In Old Danish, //hɾ// merged with //ɾ// during the 9th century. From the 11th to 14th centuries, the unstressed vowels -a, -o and -e (standard normalization -a, -u and -i) started to merge into -ə, represented with the letter e. This vowel came to be epenthetic, particularly before -ʀ endings. At the same time, the voiceless stop consonants p, t and k became voiced plosives and even fricative consonants.
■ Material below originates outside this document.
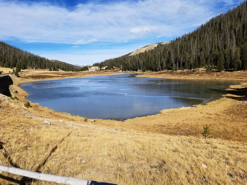 We also stopped at Milner Pass to take a photo of Poudre Lake, the headwaters of the Cache la Poudre River that eventually runs through Fort Collins. Note the thin layer of ice already forming on the lake.
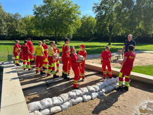 Neben allerhand Theorie kam auch die praktische Ausbildung nicht zu kurz: Während am Freitagabend unter anderem der Umgang mit Stromgenerator, Beleuchtungseinrichtungen und Bolzenschneidern geübt wurde, galt es am Samstag das Befüllen und den Verbau von Sandsäcken zu üben bevor es bei sommerlichen 33 Grad ins Wasser ging. Abgerundet wurde der Abend durch Planspiele mit verschiedenen Einsatzszenarien.

Resulting from these innovations, Danish has kage (cake), tunger (tongues) and gæster (guests) whereas (Standard) Swedish has retained older forms, kaka, tungor and gäster (OEN kaka, tungur, gæstir).

Moreover, the Danish pitch accent shared with Norwegian and Swedish changed into stød around this time.

Old East Norse, spoken in the Danelaw in England, may have influenced the development of Early Middle English from (Anglo-Saxon) Old English.

=== Old Swedish ===

At the end of the 10th and early 11th century initial h- before l, n and r was still preserved in the middle and northern parts of Sweden, and is sporadically still preserved in some northern dialects as g-, e.g. gly (lukewarm), from hlýʀ. The Dalecarlian dialects developed as Old Swedish dialects and as such can be considered separate languages from Swedish.

=== Text example ===
This is an extract from Västgötalagen, the Westrogothic law. It is the oldest text written as a manuscript found in Sweden and from the 13th century. It is contemporaneous with most of the Icelandic literature. The text marks the beginning of Old Swedish as a distinct dialect.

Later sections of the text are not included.